### EXERCISE REQUIREMENTS:
Output the full listing below exactly; the images stay out.

### DATA TO PROCESS:
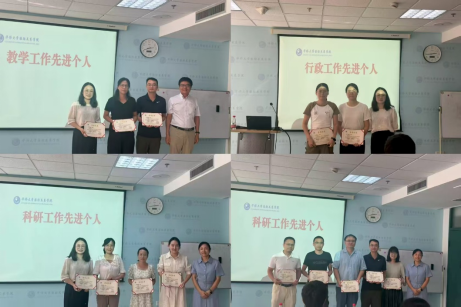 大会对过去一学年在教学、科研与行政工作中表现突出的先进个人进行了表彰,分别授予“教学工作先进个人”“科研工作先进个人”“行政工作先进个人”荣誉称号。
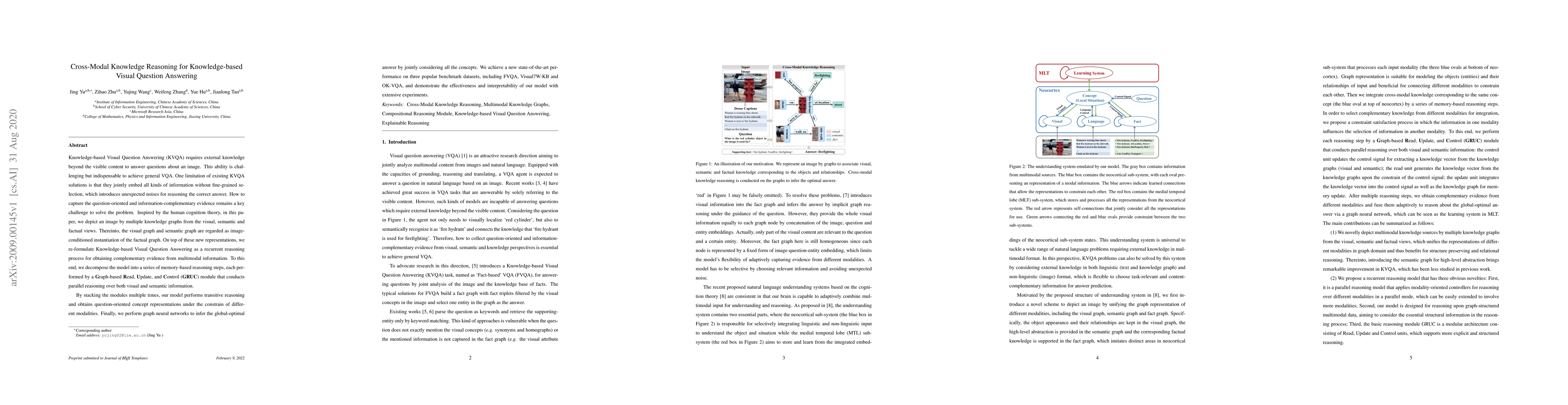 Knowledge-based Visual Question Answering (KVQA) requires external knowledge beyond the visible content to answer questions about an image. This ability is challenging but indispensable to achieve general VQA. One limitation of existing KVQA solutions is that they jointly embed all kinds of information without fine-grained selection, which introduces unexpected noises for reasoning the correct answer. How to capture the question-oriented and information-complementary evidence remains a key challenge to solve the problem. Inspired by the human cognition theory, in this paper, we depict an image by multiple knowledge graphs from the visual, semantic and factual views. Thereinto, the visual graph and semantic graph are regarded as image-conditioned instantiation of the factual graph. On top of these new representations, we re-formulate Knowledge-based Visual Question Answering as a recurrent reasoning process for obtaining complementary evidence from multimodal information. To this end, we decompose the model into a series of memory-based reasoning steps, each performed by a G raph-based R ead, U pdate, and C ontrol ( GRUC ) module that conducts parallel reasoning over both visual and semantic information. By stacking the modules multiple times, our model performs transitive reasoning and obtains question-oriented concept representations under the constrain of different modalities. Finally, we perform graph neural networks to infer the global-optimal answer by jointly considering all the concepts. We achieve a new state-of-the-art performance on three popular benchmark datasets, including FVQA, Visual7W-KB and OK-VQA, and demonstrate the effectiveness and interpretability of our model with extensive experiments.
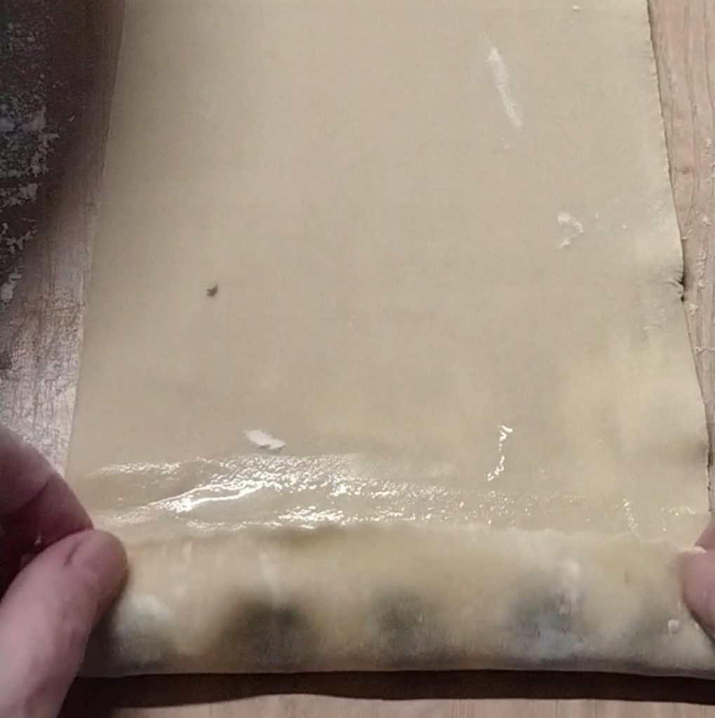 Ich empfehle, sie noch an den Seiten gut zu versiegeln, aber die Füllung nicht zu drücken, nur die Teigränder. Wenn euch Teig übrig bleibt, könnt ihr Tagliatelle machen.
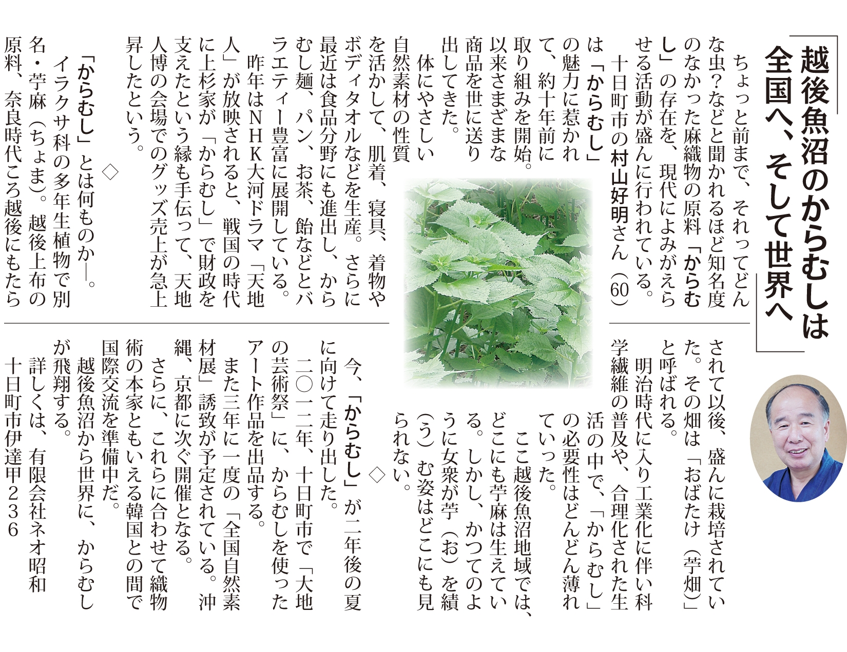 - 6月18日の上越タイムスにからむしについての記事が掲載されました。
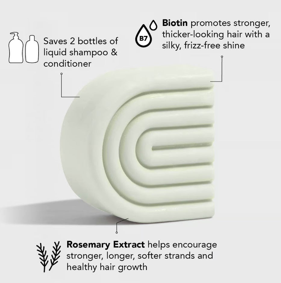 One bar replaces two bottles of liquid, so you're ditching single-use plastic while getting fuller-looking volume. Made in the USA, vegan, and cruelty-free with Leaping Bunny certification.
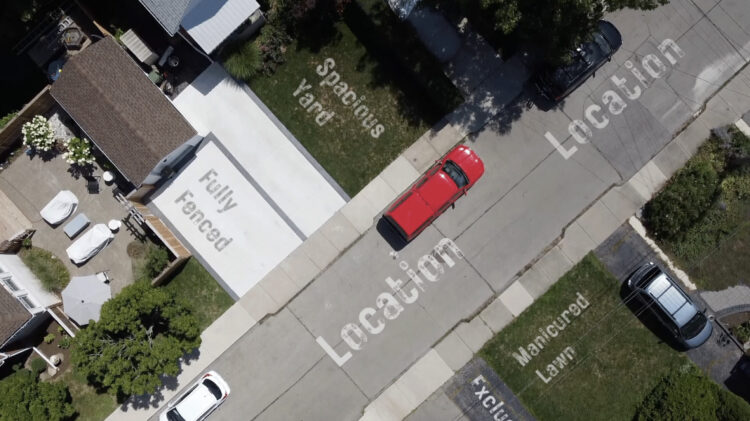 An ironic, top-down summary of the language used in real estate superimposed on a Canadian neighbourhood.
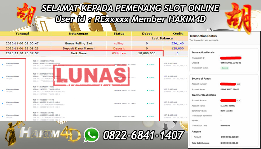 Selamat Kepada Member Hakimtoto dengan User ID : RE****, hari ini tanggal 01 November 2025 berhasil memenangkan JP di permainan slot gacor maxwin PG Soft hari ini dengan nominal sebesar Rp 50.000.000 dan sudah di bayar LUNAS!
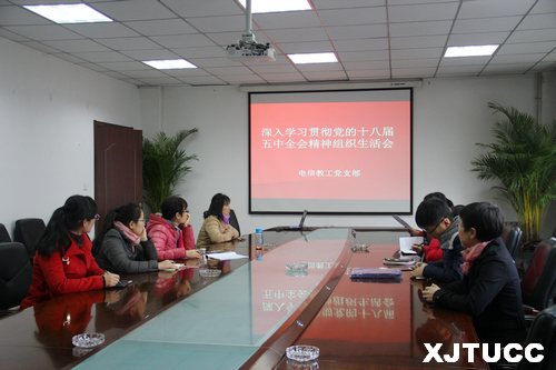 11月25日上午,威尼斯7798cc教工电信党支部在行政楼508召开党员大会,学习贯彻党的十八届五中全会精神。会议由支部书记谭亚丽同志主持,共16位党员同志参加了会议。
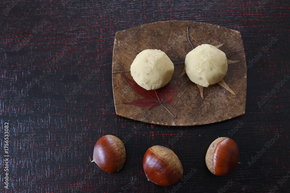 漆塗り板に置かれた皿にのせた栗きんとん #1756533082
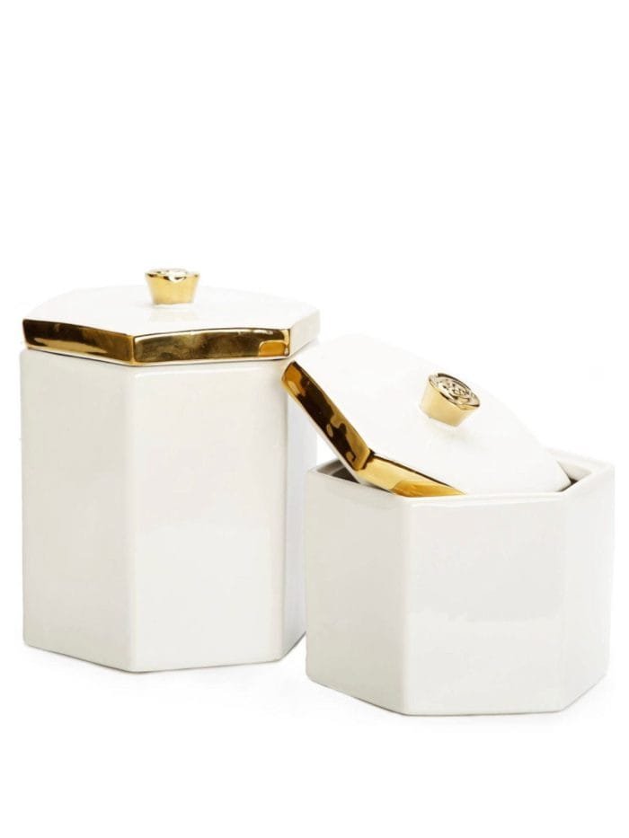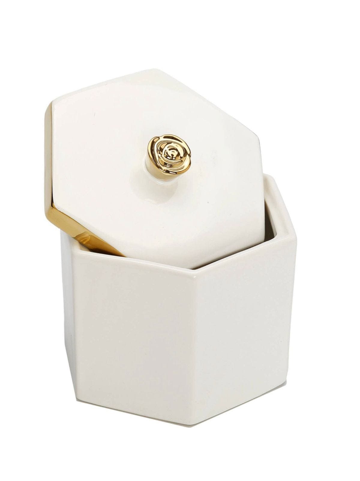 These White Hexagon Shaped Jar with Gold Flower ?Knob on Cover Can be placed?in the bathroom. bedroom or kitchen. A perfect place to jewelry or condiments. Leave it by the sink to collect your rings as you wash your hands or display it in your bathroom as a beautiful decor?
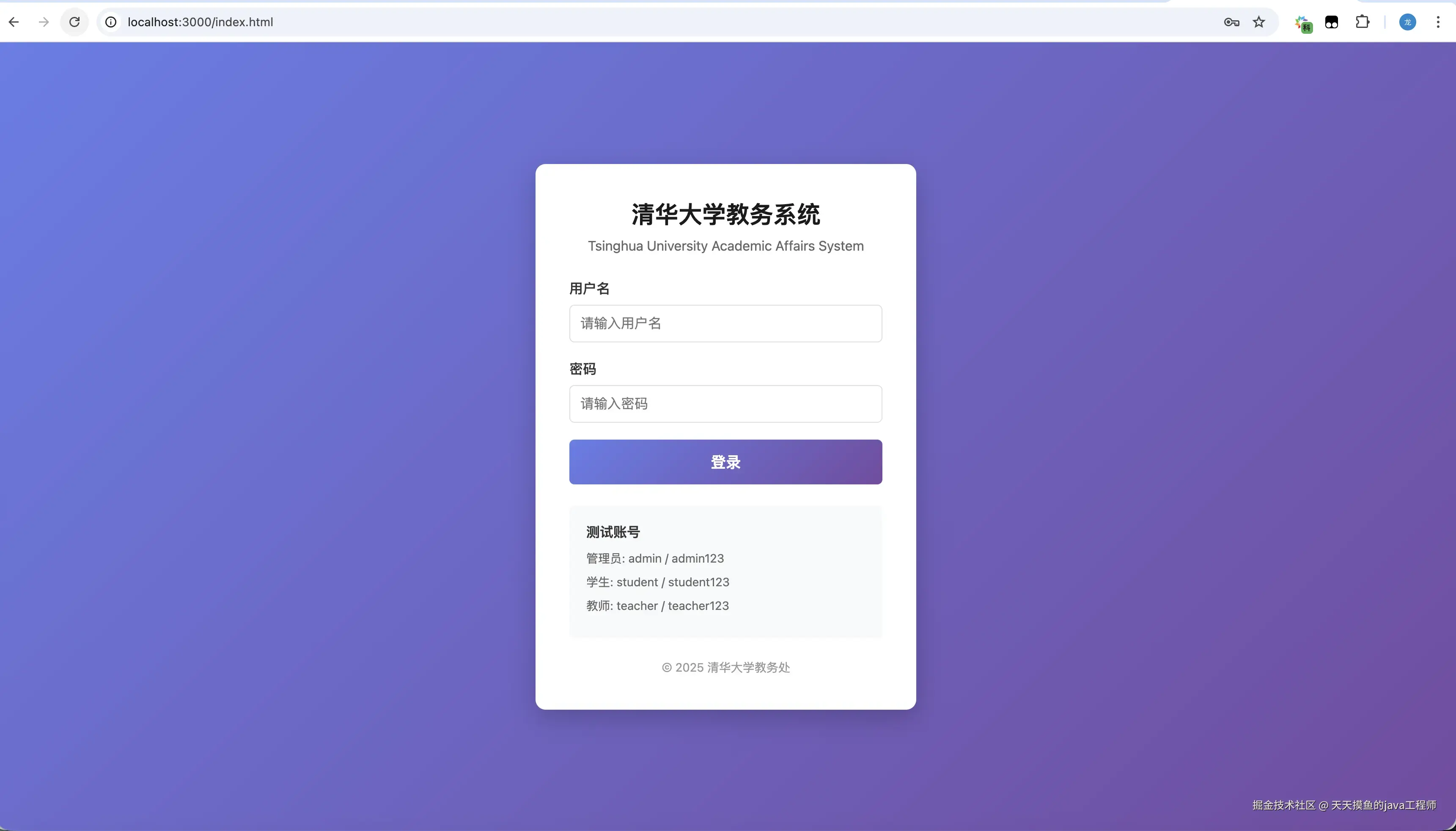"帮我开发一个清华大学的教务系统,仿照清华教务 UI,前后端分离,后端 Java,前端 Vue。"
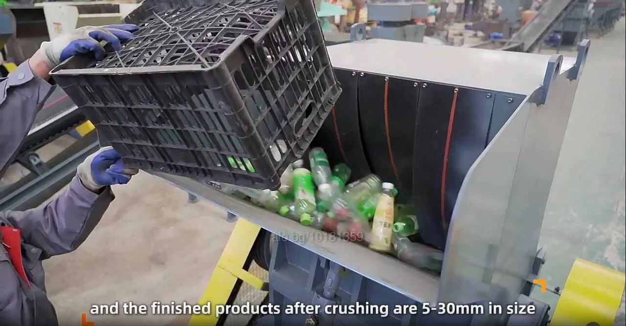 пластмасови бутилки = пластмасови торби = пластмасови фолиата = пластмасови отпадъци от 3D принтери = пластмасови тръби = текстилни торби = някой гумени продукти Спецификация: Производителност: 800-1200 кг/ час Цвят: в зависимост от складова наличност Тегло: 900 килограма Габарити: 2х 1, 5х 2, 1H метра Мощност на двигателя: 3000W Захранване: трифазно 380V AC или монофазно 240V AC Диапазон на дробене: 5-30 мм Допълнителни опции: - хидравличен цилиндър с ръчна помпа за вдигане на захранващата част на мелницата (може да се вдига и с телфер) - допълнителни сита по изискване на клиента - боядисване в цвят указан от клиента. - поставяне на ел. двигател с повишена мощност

### PROBLEM SOLUTION:
 大会对过去一学年在教学、科研与行政工作中表现突出的先进个人进行了表彰,分别授予“教学工作先进个人”“科研工作先进个人”“行政工作先进个人”荣誉称号。
 Knowledge-based Visual Question Answering (KVQA) requires external knowledge beyond the visible content to answer questions about an image. This ability is challenging but indispensable to achieve general VQA. One limitation of existing KVQA solutions is that they jointly embed all kinds of information without fine-grained selection, which introduces unexpected noises for reasoning the correct answer. How to capture the question-oriented and information-complementary evidence remains a key challenge to solve the problem. Inspired by the human cognition theory, in this paper, we depict an image by multiple knowledge graphs from the visual, semantic and factual views. Thereinto, the visual graph and semantic graph are regarded as image-conditioned instantiation of the factual graph. On top of these new representations, we re-formulate Knowledge-based Visual Question Answering as a recurrent reasoning process for obtaining complementary evidence from multimodal information. To this end, we decompose the model into a series of memory-based reasoning steps, each performed by a G raph-based R ead, U pdate, and C ontrol ( GRUC ) module that conducts parallel reasoning over both visual and semantic information. By stacking the modules multiple times, our model performs transitive reasoning and obtains question-oriented concept representations under the constrain of different modalities. Finally, we perform graph neural networks to infer the global-optimal answer by jointly considering all the concepts. We achieve a new state-of-the-art performance on three popular benchmark datasets, including FVQA, Visual7W-KB and OK-VQA, and demonstrate the effectiveness and interpretability of our model with extensive experiments.
 Ich empfehle, sie noch an den Seiten gut zu versiegeln, aber die Füllung nicht zu drücken, nur die Teigränder. Wenn euch Teig übrig bleibt, könnt ihr Tagliatelle machen.
 - 6月18日の上越タイムスにからむしについての記事が掲載されました。
 One bar replaces two bottles of liquid, so you're ditching single-use plastic while getting fuller-looking volume. Made in the USA, vegan, and cruelty-free with Leaping Bunny certification.
 An ironic, top-down summary of the language used in real estate superimposed on a Canadian neighbourhood.
 Selamat Kepada Member Hakimtoto dengan User ID : RE****, hari ini tanggal 01 November 2025 berhasil memenangkan JP di permainan slot gacor maxwin PG Soft hari ini dengan nominal sebesar Rp 50.000.000 dan sudah di bayar LUNAS!
 11月25日上午,威尼斯7798cc教工电信党支部在行政楼508召开党员大会,学习贯彻党的十八届五中全会精神。会议由支部书记谭亚丽同志主持,共16位党员同志参加了会议。
 漆塗り板に置かれた皿にのせた栗きんとん #1756533082
 These White Hexagon Shaped Jar with Gold Flower ?Knob on Cover Can be placed?in the bathroom. bedroom or kitchen. A perfect place to jewelry or condiments. Leave it by the sink to collect your rings as you wash your hands or display it in your bathroom as a beautiful decor?
"帮我开发一个清华大学的教务系统,仿照清华教务 UI,前后端分离,后端 Java,前端 Vue。"
 пластмасови бутилки = пластмасови торби = пластмасови фолиата = пластмасови отпадъци от 3D принтери = пластмасови тръби = текстилни торби = някой гумени продукти Спецификация: Производителност: 800-1200 кг/ час Цвят: в зависимост от складова наличност Тегло: 900 килограма Габарити: 2х 1, 5х 2, 1H метра Мощност на двигателя: 3000W Захранване: трифазно 380V AC или монофазно 240V AC Диапазон на дробене: 5-30 мм Допълнителни опции: - хидравличен цилиндър с ръчна помпа за вдигане на захранващата част на мелницата (може да се вдига и с телфер) - допълнителни сита по изискване на клиента - боядисване в цвят указан от клиента. - поставяне на ел. двигател с повишена мощност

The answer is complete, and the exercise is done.